No, that is the point. We take the idea of precedent for granted; in the 1860's they did not.

You're blasting Lincoln over this, is a modern day judgement using modern day standards. That is always just silly when historical people are concerned. It's how Christopher Columbus went from "Admiral of the Ocean Deep" to syphilitic oppressor of minorities.

Professor Neely says that it was a truism in Lincoln's day that he saved Maryland for the Union. He was widely applauded for doing so. That is enough. But I thought of this little quoted part of Lincoln's first inaugural:

"I do not forget the position assumed by some that constitutional questions are to be decided by the Supreme Court, nor do I deny that such decisions must be binding in any case upon the parties to a suit as to the object of that suit, while they are also entitled to very high respect and consideration in all parallel cases by all other departments of the Government. And while it is obviously possible that such decision may be erroneous in any given case, still the evil effect following it, being limited to that particular case, with the chance that it may be overruled and never become a precedent for other cases, can better be borne than could the evils of a different practice. At the same time, the candid citizen must confess that if the policy of the Government upon vital questions affecting the whole people is to be irrevocably fixed by decisions of the Supreme Court, the instant they are made in ordinary litigation between parties in personal actions the people will have ceased to be their own rulers, having to that extent practically resigned their Government into the hands of that eminent tribunal."

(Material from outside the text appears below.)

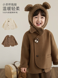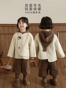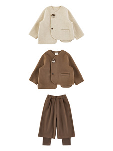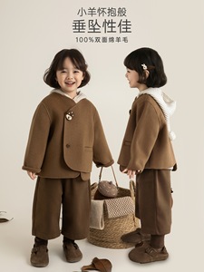 吾里卜一 女童冬套装儿童可爱时尚休闲阔腿裤小V领双面呢大衣外套
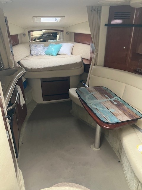 There's nothing quite like the exhilarating profile of this sleek 320 Sundancer. Its dramatic lines and bold colors make everything else look like it's sitting still. Exciting features include cockpit wet bar with Corian counter, extra-wide bench-style helm seating with two flip-up thigh-rise bolsters.

So people back then had a different perception of the way the government functioned. Lincoln's inaugural was March 4, Merryman was arrested in late April, I believe.

You are putting a modern day judgement on an historical person. That is just silly.

I condemn the slave power because they were condemned at the time. I call them traitors because they were called traitors at the time.

Lincoln was not condemned the way you do --at the time-- (there was certainly a lot of discussion), so you have no right to criticize him now.